That same night, at the Hughes Supermarket on Highland Avenue in Hollywood, Mike Bull was organising his defences. Mike Bull was the supermarket manager, and the medium-sized twenty-four-hour store at the intersection between Franklin and Highland was his first important appoin’I’ment. Before he had been promoted, three months ago, he had been fruit and vegetable manager of a branch further downtown. N ow, at the age of thirty-one – a stocky, terse, but good-humoured bachelor with a face as pudgy as Mickey Rooney – he was running his own ship, and he was determined that night that the rats weren’t going to clamber aboard.

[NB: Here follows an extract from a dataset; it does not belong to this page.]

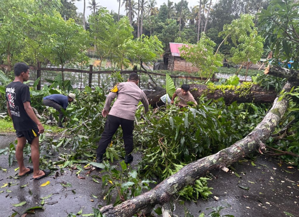 Menanggapi hal tersebut, Kapolsek Oba Utara, Ipda Suherlin, S.IP., M.H., bersama masyarakat sekitar, melakukan upaya pembersihan pohon tumbang.

He hadn’t seen Ed Hardesty’s television appearance – nor the frantic and frightened news programmes that followed. But within twenty minutes, a laconic customer with long greasy blond hair and frayed denim shorts had advised him to blockade the store. ‘You should hear the TV, man. Walter Cronkite reckons we’re all going to be starving by Thanksgiving. And you know what that means, don’t you? Folks are going to start stocking up on every damn thing they can get.’
Mike had looked around the store. It was his business to sell what was in it, and if people came in and cleared his shelves, then no matter what the reason, he should be pleased. But the prospect of a food panic made him uneasy. The tough and the young would clear the place out, and leave the weak and the elderly without supplies.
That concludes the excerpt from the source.